_WHAT YOU SHOULD DO_
Using the records below, reproduce exactly the lines from the one containing "Οίκου Κάρολαϊν Λέβιτ." through the end, and nothing more; skip the images.
● ● ● ●
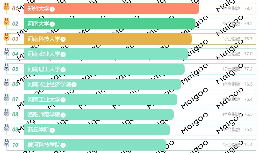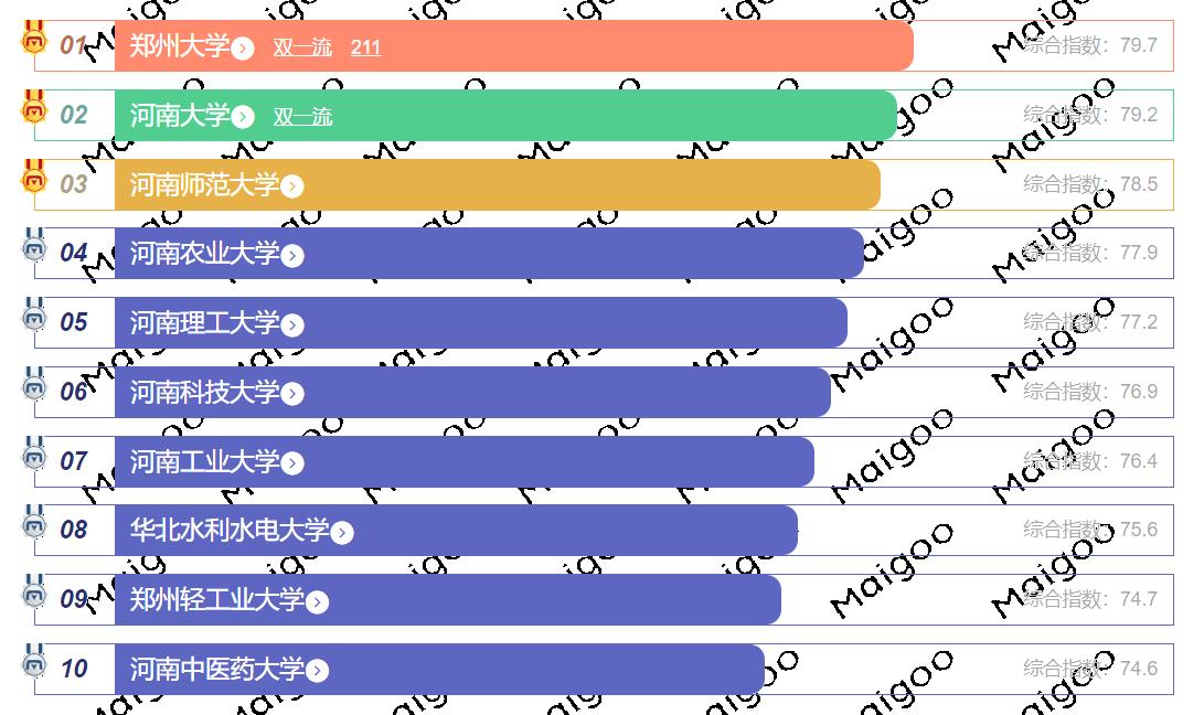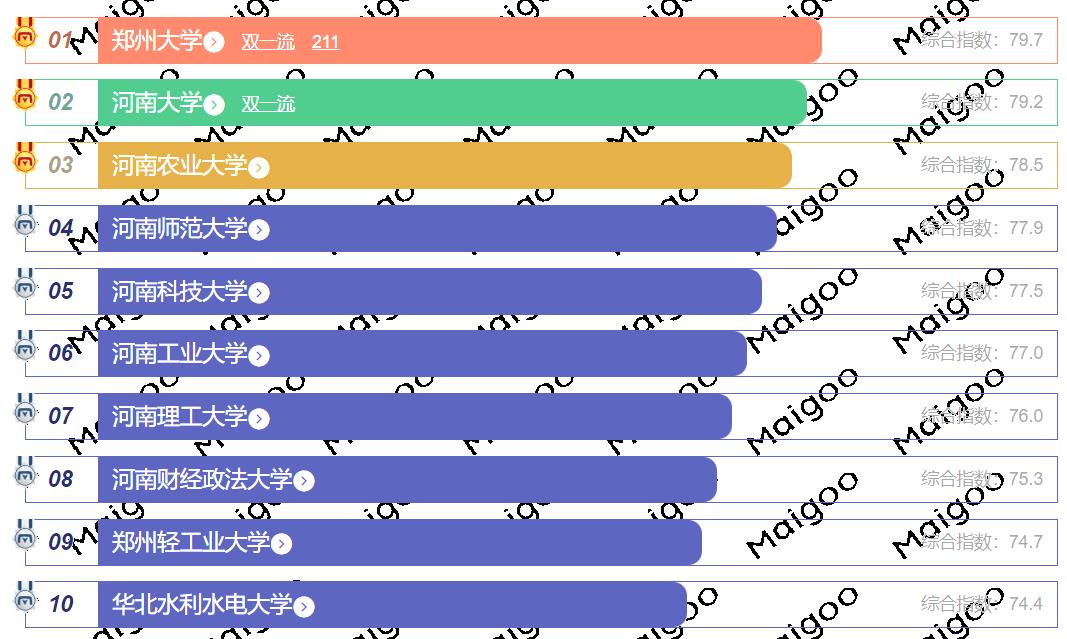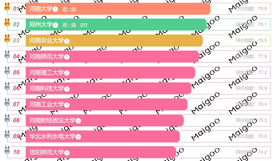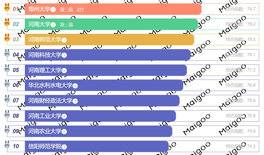 河南省综合实力最强的大学位列第一的是郑州大学,位列第二的是河南大学,位列第三的是河南农业大学。
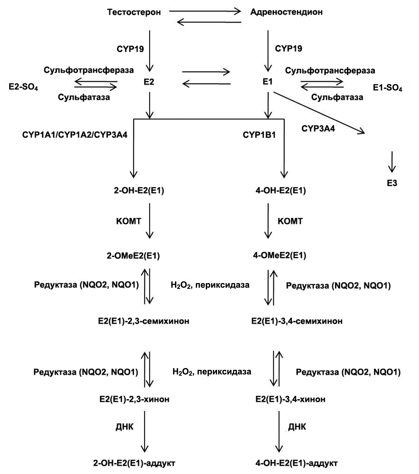 Элиминация эстроген-3,4-хинонов возможна путем конъюгации с глутатионом или путем восстановления катехолэстрогенов с помощью хинонредуктазы (NQO1 и NQO2). Чрезмерное образование депуринирующих аддуктов является результатом грубого нарушения баланса между активирующим и дезактивирующим путями метаболизма эстрогена. Гиперактивация фермента ароматазы (CYP19), приводящая к синтезу эстрогенов in situ, сверхэкспрессия сульфатазы, переводящей неактивные сульфатные формы эстрогенов в Е2 и Е1, нерегулируемая активность CYP1B1 и синтез, прежде всего, 4-OH-производных, низкие концентрации глутатиона при дефиците хинонредуктаз – все это элементы сценария упорного производства хинонов.
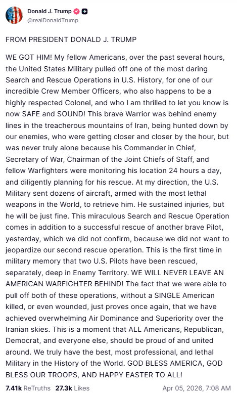 «Στη διάρκεια των τελευταίων ωρών ο αμερικανικός στρατός έφερε σε πέρας μια από τις πιο τολμηρές επιχειρήσεις έρευνας και διάσωσης στην αμερικανική ιστορία για να βοηθήσει έναν από τους απίστευτούς αξιωματικούς πληρώματός μας, ο οποίος τυχαίνει να είναι και ένας ιδιαίτερα σεβαστός σμήναρχος, και είμαι στην ευχάριστη θέση να ανακοινώσω ότι είναι πλέον ΣΩΟΣ ΚΑΙ ΑΣΦΑΛΗΣ!», σύμφωνα με ανακοίνωση του Τραμπ την οποία ανήρτησε στο Χ η εκπρόσωπος Τύπου του Λευκού Οίκου Κάρολαϊν Λέβιτ.
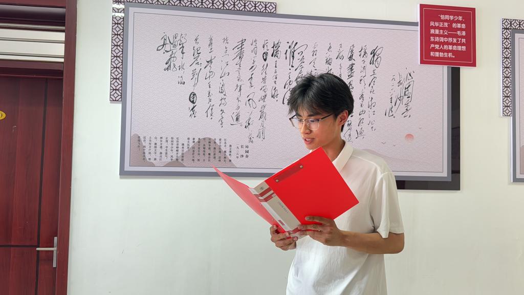 学生党员们以饱满的热情集体朗诵了《沁园春·长沙》和《七律·长征》两首经典诗词。在铿锵有力的朗诵声中,革命英烈们到中流击水,浪遏飞舟的豪迈气概和红军不怕远征难的大无畏精神深深感染着在场的每一位党员。朗诵结束后,一场“行走的党课”随即展开,学生党员代表结合诗词创作时的革命背景,生动讲述了两首诗词背后的党史故事,将诗词中蕴含的革命理想与斗争精神娓娓道来,让红色记忆在新时代焕发新的生命力。
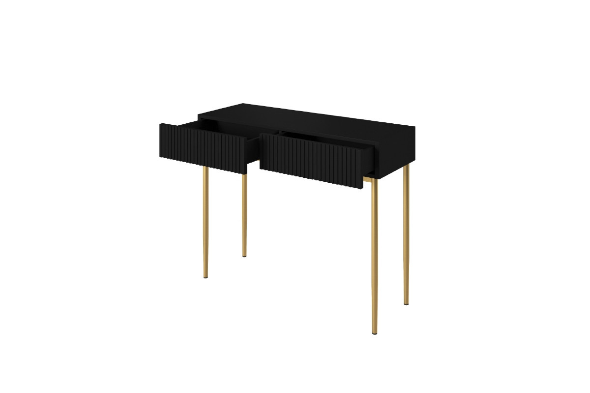 Moderní Toaletní stolek Nicole - Černý mat / zlaté nohy, šířka: 100, výška: 82, hloubka: 41.
● ● ● ●
_YOUR SOLUTION_
 «Στη διάρκεια των τελευταίων ωρών ο αμερικανικός στρατός έφερε σε πέρας μια από τις πιο τολμηρές επιχειρήσεις έρευνας και διάσωσης στην αμερικανική ιστορία για να βοηθήσει έναν από τους απίστευτούς αξιωματικούς πληρώματός μας, ο οποίος τυχαίνει να είναι και ένας ιδιαίτερα σεβαστός σμήναρχος, και είμαι στην ευχάριστη θέση να ανακοινώσω ότι είναι πλέον ΣΩΟΣ ΚΑΙ ΑΣΦΑΛΗΣ!», σύμφωνα με ανακοίνωση του Τραμπ την οποία ανήρτησε στο Χ η εκπρόσωπος Τύπου του Λευκού Οίκου Κάρολαϊν Λέβιτ.
 学生党员们以饱满的热情集体朗诵了《沁园春·长沙》和《七律·长征》两首经典诗词。在铿锵有力的朗诵声中,革命英烈们到中流击水,浪遏飞舟的豪迈气概和红军不怕远征难的大无畏精神深深感染着在场的每一位党员。朗诵结束后,一场“行走的党课”随即展开,学生党员代表结合诗词创作时的革命背景,生动讲述了两首诗词背后的党史故事,将诗词中蕴含的革命理想与斗争精神娓娓道来,让红色记忆在新时代焕发新的生命力。
 Moderní Toaletní stolek Nicole - Černý mat / zlaté nohy, šířka: 100, výška: 82, hloubka: 41.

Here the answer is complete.